Global food security is rising high up the G20 agenda. The urgency and complexity of the problems are immense. When G20 leaders meet at the Bali Summit this November, they should be mindful of three major challenges of jointly securing food supplies and mitigating climate change, and consider three potential areas of agreement.

First, climate change increasingly exasperates global food systems, and vice versa. The just-released Southeast Asia Climate Outlook 2022, based on a regionwide survey, finds that people — especially rural residents — are anxious about the impact of extreme weather events on their food supply chains. Worsening climate change adds pressure to food production, which already needs to increase (calorie-wise) by 70 per cent by 2050 due to population growth and dietary change. Globally, increased temperature and rainfall affect the output of major crops by as much as 25 per cent.

Agriculture is not just the sector most vulnerable to climate change, it is also a major cause of greenhouse gas (GHG) emissions. The world’s food systems contribute around 25-30 per cent of global GHG emissions, from land use to post-retail activities or by-products, such as cooking and waste. Indeed, GHG emissions of the agriculture sector are equivalent to that of all electricity generation globally.

Second, even if we produce enough food like we do today, climate change is making inequality in the global food supply more skewed. Since 2014, hunger has been on the rise in pockets of Africa, Asia, Latin America and the Caribbean, after a long-term decline. In 2019, among people who are acutely food insecure due to extreme weather, close to three-quarters were displaced. Moreover, according to the UN’s humanitarian office, people in low-income countries are at least four times more likely to be displaced because of acute food insecurity caused by extreme weather, compared to people living in high-income countries. 

Third, climate change, which adversely affects small-scale farmers’ productivity and income, impedes progress towards poverty reduction and better jobs. Productivity improvement boosts farmers’ income, allowing them to afford better education for their children which equips them for higher-paying, off-farm, modern jobs in the urban areas. Such gains can also, in a virtuous cycle, help to further augment farm productivity, for example, by using better technologies that generate more output with the same amount of labour and land.

The transformation from on-farm work to off-farm or urban jobs driven by agricultural productivity increments “has been the only sustainable pathway out of poverty,” argues Peter Timmer, an authority on agricultural development, food security, and the world rice economy at Harvard University. However, climate change poses a threat to rural small-scale producers’ productivity and income that, in turn, could trap poor farmers in a vicious cycle and leave countries mired in poverty. 

A global food reserve, reinforced by transparent sharing of credible data, could decisively change the perception and expectation of global food availability, and avert panic behaviour that leads to hoarding and stockpiling.

Various concrete agreements can be taken by the G20 leaders this year to address the long-term challenges of revamping the global food system into a more sustainable and resilient one. Three should be brought to the table.

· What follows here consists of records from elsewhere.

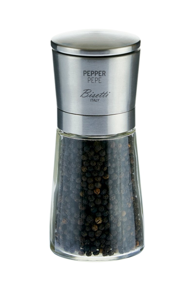 Moulin à poivre en verre et acier inoxydable.
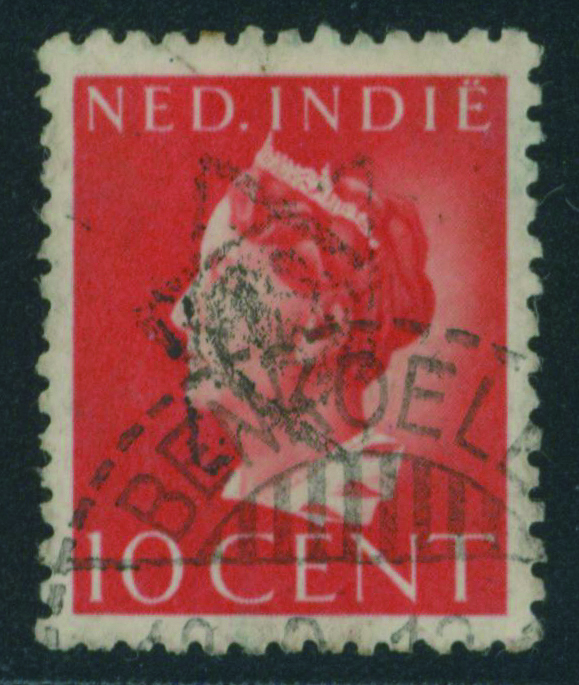 Ned. Indies benkulen ovpt. 10c used cancelled by datestamp Benkoelen (Image1) (Image2)
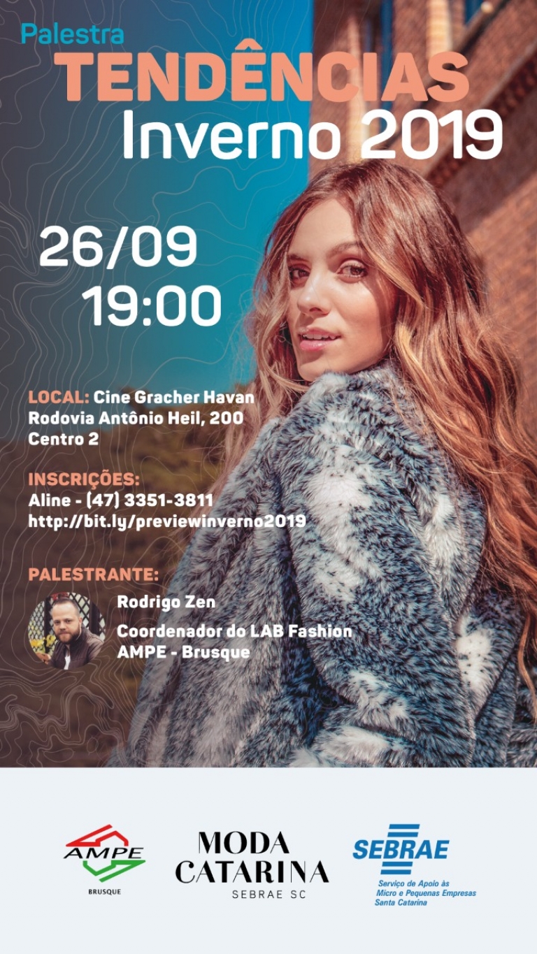 Na próxima quarta-feira, 26 de agosto, a Associação das Micro e Pequenas Empresas de Brusque e Região (AmpeBr), em parceria com o Sebrae/SC e o projeto Moda Catarina, realiza a palestra 'Tendências Inverno 2019'. O evento acontece às 19h, no Cine Gracher Havan e será ministrado pelo coordenador do LAB Fashion da AmpeBr, Rodrigo Zen.
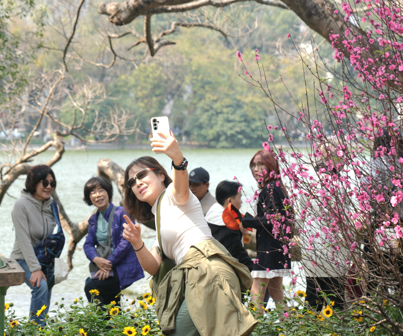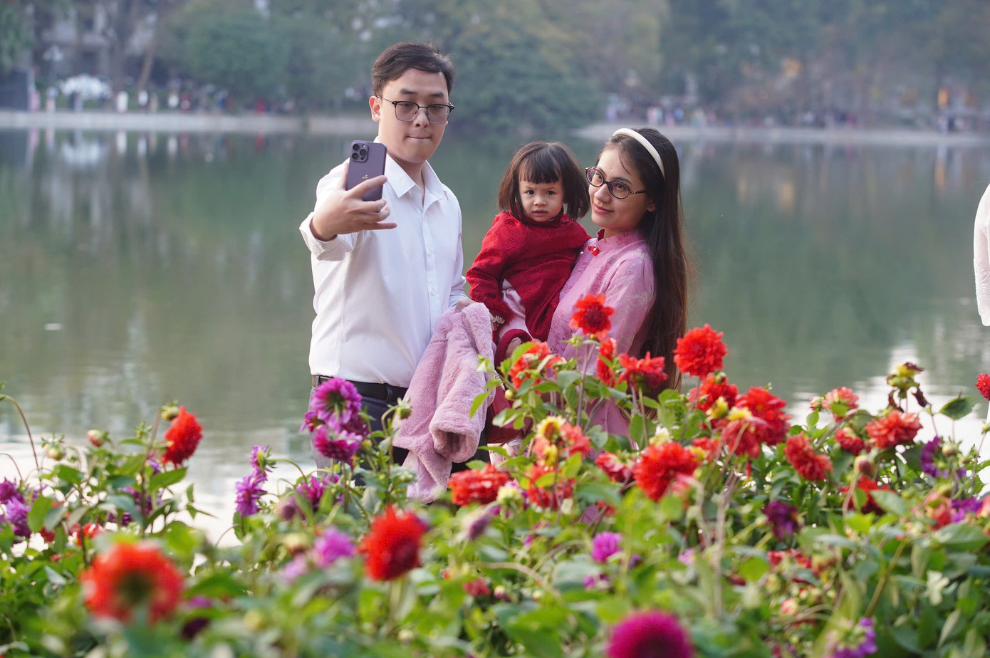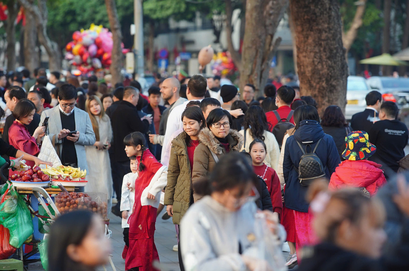 | Trưa Mùng 2 Tết, thời tiết Hà Nội có nắng ấm rực rỡ, nền nhiệt dao động khoảng 23-25 độ C. Nhiều gia đình, nhóm bạn xuống phố du xuân tận hưởng không khí thanh bình, tươi đẹp. |
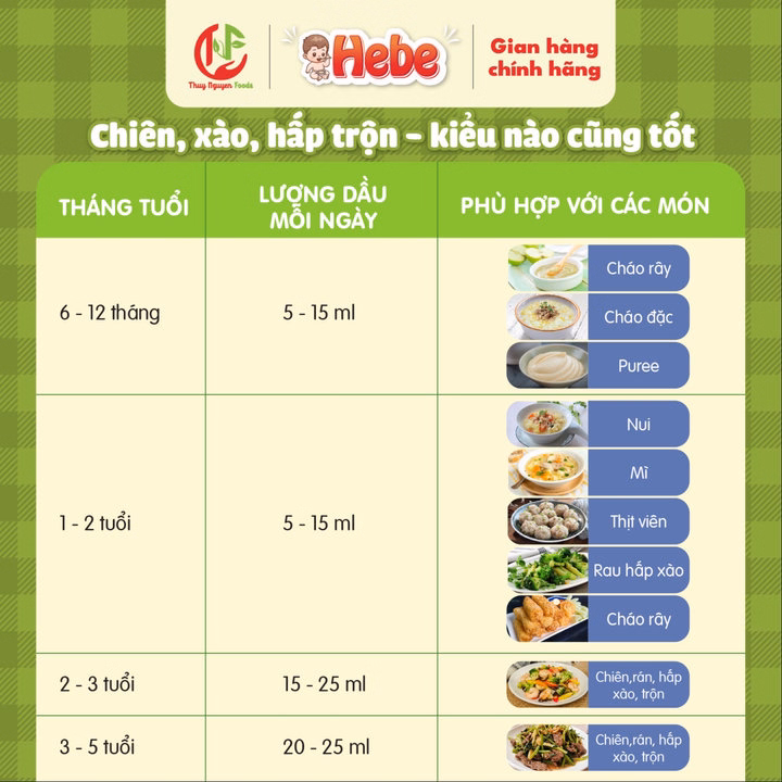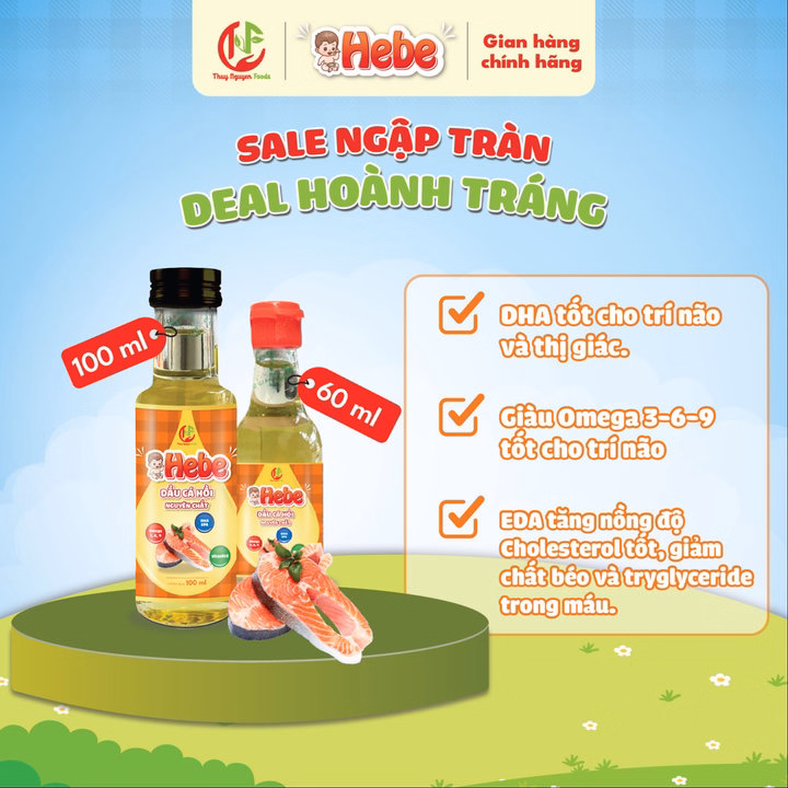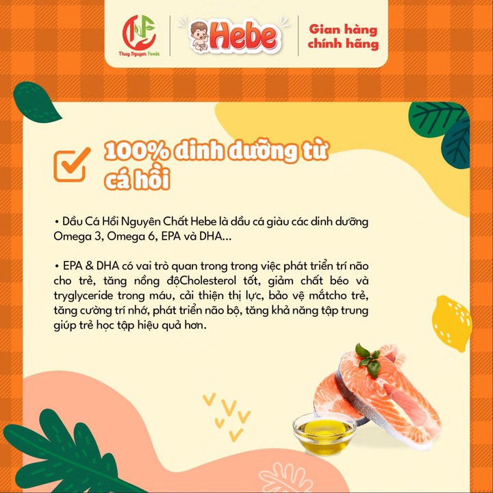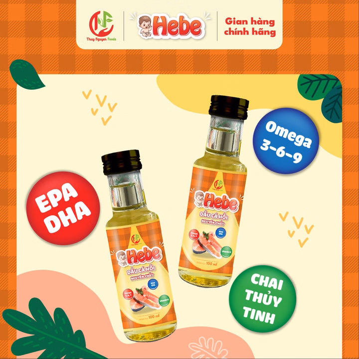 Dầu Cá Hồi Nguyên Chất Hebe từ 100% Nguyên Chất, cung cấp các dưỡng chất thiết yếu cho con như Omega 3, Omega 6, Epa & Dha trong hành trình ăn dặm.

First and foremost, the food security and climate change agenda should be integrated under one framework linked to the energy transition agenda. Indonesia’s G20 Presidency puts energy transition as one of its three priorities. The food security agenda could be linked to the climate change agenda as well as the G20 energy transition agenda, considering how food production is very energy intensive. The manufacturing of fertilizers consumes natural gas and electricity; non-renewable energy used in this sector is contributing to climate change. Hence, without energy transition we will continue to produce food unsustainably, which in turn compromises future food production. Policies and funding to address energy transition, climate change, and global food security must be synergistic.

Second, G20 leaders should consider addressing the increasingly unequal distribution of food by establishing global food reserves and a global food treaty. Establishing a global food reserve can restore confidence in the currently lopsided international food system and precarious international food trade. Today, close to three-quarters of the world’s food stocks are in five countries/region — the United States, the European Union, India, China, and Brazil — all of whom are G20 members. Akin to the ASEAN+3 Emergency Rice Reserve that can be tapped in case of emergency, these five countries could agree to release some of their stocks to relieve global supply when food prices rise perilously high.

A global food reserve, reinforced by transparent sharing of credible data, could decisively change the perception and expectation of global food availability, and avert panic behaviour that leads to hoarding and stockpiling. The present tribulations underscore the necessity of the Agriculture Market Information System (AMIS), which the G20 set up under the 2011 Presidency to enhance food market transparency and food security responses. The G20 leaders could now go further by forging an international food treaty that obliges surplus countries to assist others during times of shortage.      

Third, G20 leaders should commit to global collaborations to accelerate investment in green technologies and R&D for sustainable and higher yield agriculture. One example of recent novel innovations is Agrivoltaics which concurrently resolves food-energy-water issues in drylands by reducing plant drought stress and increasing food production while also lessening solar photovoltaic panel heat stress. Because seeds are as important to food as chips are to computers, developing climate-resilient seed varieties will be key to addressing the gap between potential and actual yield. Moreover, a fourth agricultural revolution — producing higher crop yields without the use of fertilisers or insecticides — is needed to cut GHG emissions, according to Nobel Laureate Steven Chu. In the financial sector, the G20 leaders could task relevant working groups to explore a new climate financing framework to enable smallholder farmers to participate, individually or through farmers’ cooperatives, in climate financing and the carbon market.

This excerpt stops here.